Saturday, December 24, 2016

Soup's On!

Are you enjoying this holiday season, or are you feeling the stress? If you are having a week like mine, you are probably doing a bit of both. Like many of my mixed-up friends, my family celebrates both Chanukah and Christmas. This year the lunar and Gregorian calendar collide, and the first night of Chanukah shares the spotlight with Christmas Eve. For those of us who overdo, it’s a level of excess unlike any we’ve seen in recent years.

I’m hosting my older sister and nephews this season and decided to make a nice Jewish dinner on Christmas Eve. I made two kinds of rugelach a few days ago rather than attempting homemade jelly donuts, also known as the difficult to pronounce sufganiyot. I even made my own applesauce to go with the potato latkes that will grace my table.

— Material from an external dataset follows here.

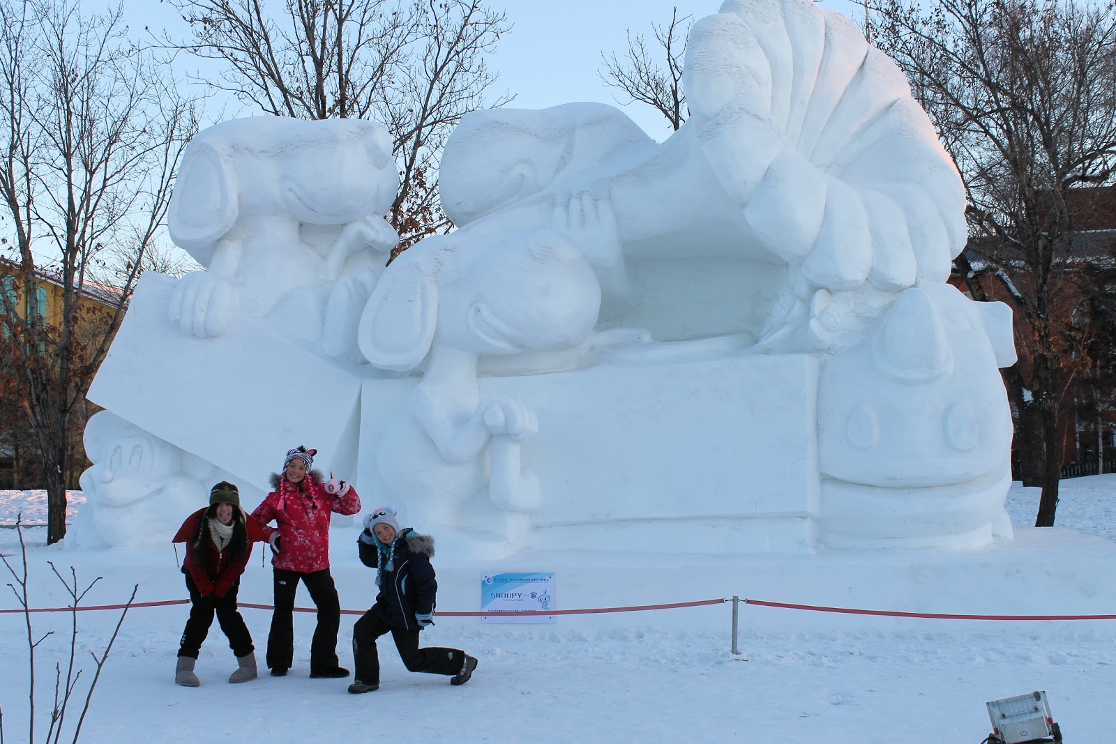 With so many layers on, that we could hardly bend, we made our way to the first stop, the Snow festival. It was absolutely amazing what these people can do with a pile of snow. The artistry of it all was just out of this world. I watched as men chiseled the snow with tools to get every inch of the sculptures as smooth and as detailed as can be! All of the snow there was so white and beautiful...(not all yellow and dirty like in my yard). We were there for a couple of hours and left just at sundown. You could feel the temperatures start to plummet with each passing minute!

All we really want to eat is latkes. They are crisp and greasy and salty and truly delightful. They also sit in your gut, daring you to digest them, while you wonder why we celebrate a minor Jewish holiday by eating the equivalent of a Waffle House side dish. We have to have something else to balance out those potato pancakes, and I thought matzoh ball soup and a salad might help move things along.

I like to make my own stock. I don’t do anything unusual. I am not browning fatty backs and wings to bring out the flavor. I do not roast my onions and carrots to a delicious caramel before adding them. I just kick it old school with my chicken, veggies, seasonings, and water and let the whole pot simmer away on the stove.

With all the extra food in the house for the double holiday, I didn’t have room in my refrigerator for a big stock pot. I do have an extra fridge in the garage that is usually stocked with beer and old sodas that no one wants to drink. When we have company or holiday meals, our food overflow goes in the outside fridge. I had my husband rearrange his odd assortment of beer to make room for my stock pot and, interestingly enough, a honey baked ham that I plan to serve alongside the turkey breast for Christmas dinner. We don’t keep kosher, but we are also not big ham fans. Chances are good that thing is going to see the trash can Christmas night, minus a slice or two.

After the stock finished cooking, I let it cool for a little while before removing the chicken and pouring the broth through a strainer to remove the tired, old veggies that gave their all to the cause. With the stock safely transferred to another pot, it was ready to go in the outside fridge. I carefully lifted the pot of hot chicken stock and carried it towards the garage door. My daughter, S, held the door for me and scurried down the short flight of brick stairs to open the fridge door.

I took a step or two, and my heel caught on the third step.

Have you ever noticed that when you fall, you feel like it happens in slow motion? I lost my balance and fell back oh so slowly, trying to figure out a way to break my fall without spilling the stock on my daughter or myself. Make no mistake, that broth was simmering away mere minutes before. It was still plenty hot and ready to do some damage.

I fell down, landing hard on my butt and scraping my calf on the brick steps. I would like to say I didn’t spill a drop of soup, but I did. I spilled three drops. S was terrified, but honestly, other than the scratch on my leg, I was fine. I saved myself and the broth.

I perfected the art of falling with food when I was nine. A friend of mine had invited me to join her family on their boat, and we stopped at a sandy spot along a creek to play on rafts and have lunch. Her father grilled hot dogs for everyone, and I got it in my head that I wanted to eat mine in the small inflatable boat they had tied to the pontoon. It was moving gently with the current, and when I turned around to plop down in the middle, I fell, missing the little boat entirely. I landed hard in the water, in over my head. Somehow, I managed to save my hot dog, my right hand clutching it high in the air above the water’s surface.

That’s how I felt, holding that pot of hot broth. I was triumphant over tragedy, saving the soup, dodging what could have been not only an unfortunate loss of homemade stock, but also narrowly avoiding a severe burn a few days before Christmas Eve. It was a Christmas and Chanukah miracle, all wrapped into one clumsy fall.

Enjoy whatever holiday you want, however you choose to celebrate it. Maybe yours will cross over like mine, with a pot of matzoh ball soup right next to the honey baked ham in the fridge.